### SUPPLIED MATERIAL:
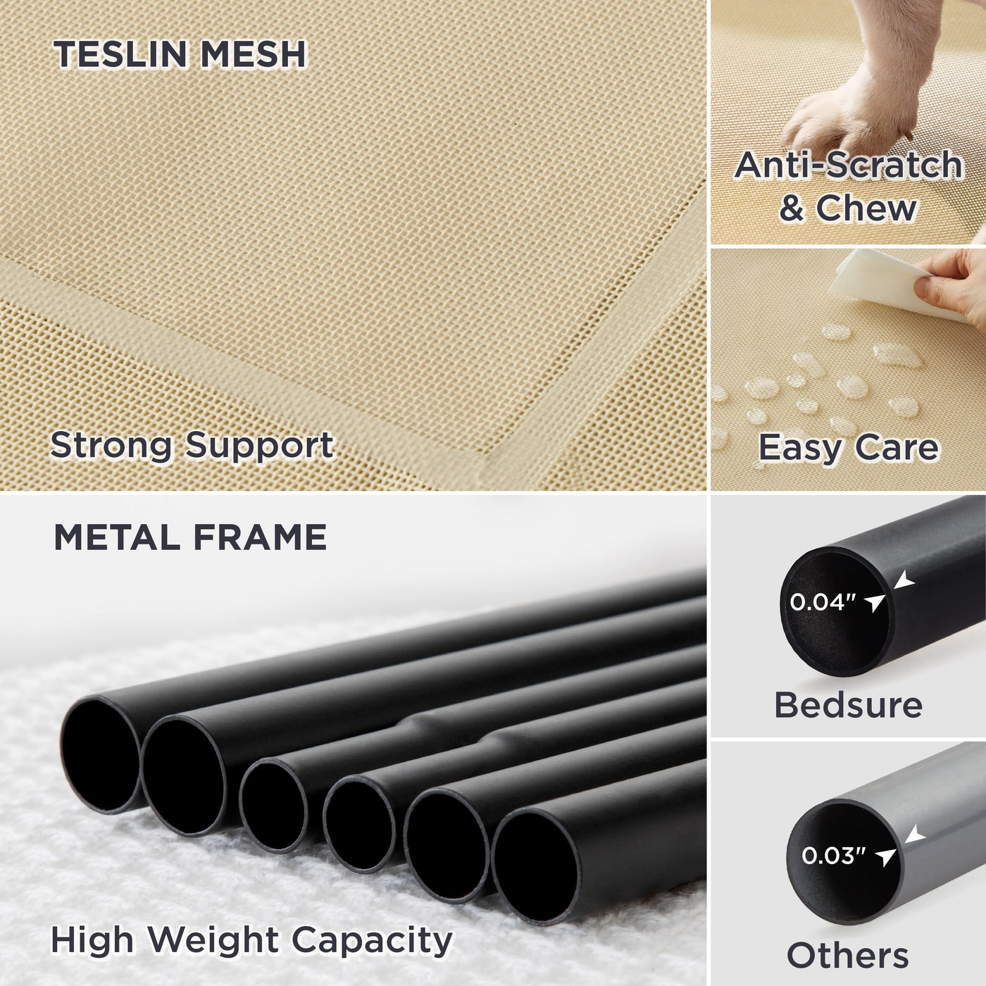 Bedsure Elevated Raised Cooling Cots Bed For Large Dogs, Portable Indoor & Outdoor Pet Hammock With Skid-Resistant Feet, Frame W
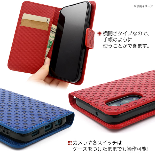 | 存在感抜群!市松模様レザーデザインの手帳型ケース。 衝撃やキズなどからスマホを守ります。 また、内部はソフトケースなので着脱が簡単です。 背面を折り返すとスタンドとして使用できるので、動画視聴に便利です。 落下防止に便利なストラップとストラップホール付きです。 横開きタイプなので、手帳のように使うことができます。 また、内側に2つのカードポケットとサイドポケットが付いています。 | ||||||||||||||
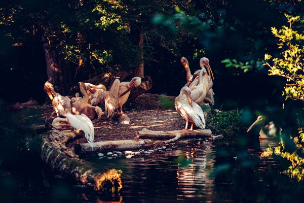 Papier peint d'un groupe de pélicans dans un zoo. Combinez-les dans votre maison pour plus d'ambiance.

### YOUR INSTRUCTIONS:
Produce a verbatim transcription of every line in the listing, images omitted.

### ANSWER FOR THIS EXERCISE:
 Bedsure Elevated Raised Cooling Cots Bed For Large Dogs, Portable Indoor & Outdoor Pet Hammock With Skid-Resistant Feet, Frame W
 | 存在感抜群!市松模様レザーデザインの手帳型ケース。 衝撃やキズなどからスマホを守ります。 また、内部はソフトケースなので着脱が簡単です。 背面を折り返すとスタンドとして使用できるので、動画視聴に便利です。 落下防止に便利なストラップとストラップホール付きです。 横開きタイプなので、手帳のように使うことができます。 また、内側に2つのカードポケットとサイドポケットが付いています。 | ||||||||||||||
 Papier peint d'un groupe de pélicans dans un zoo. Combinez-les dans votre maison pour plus d'ambiance.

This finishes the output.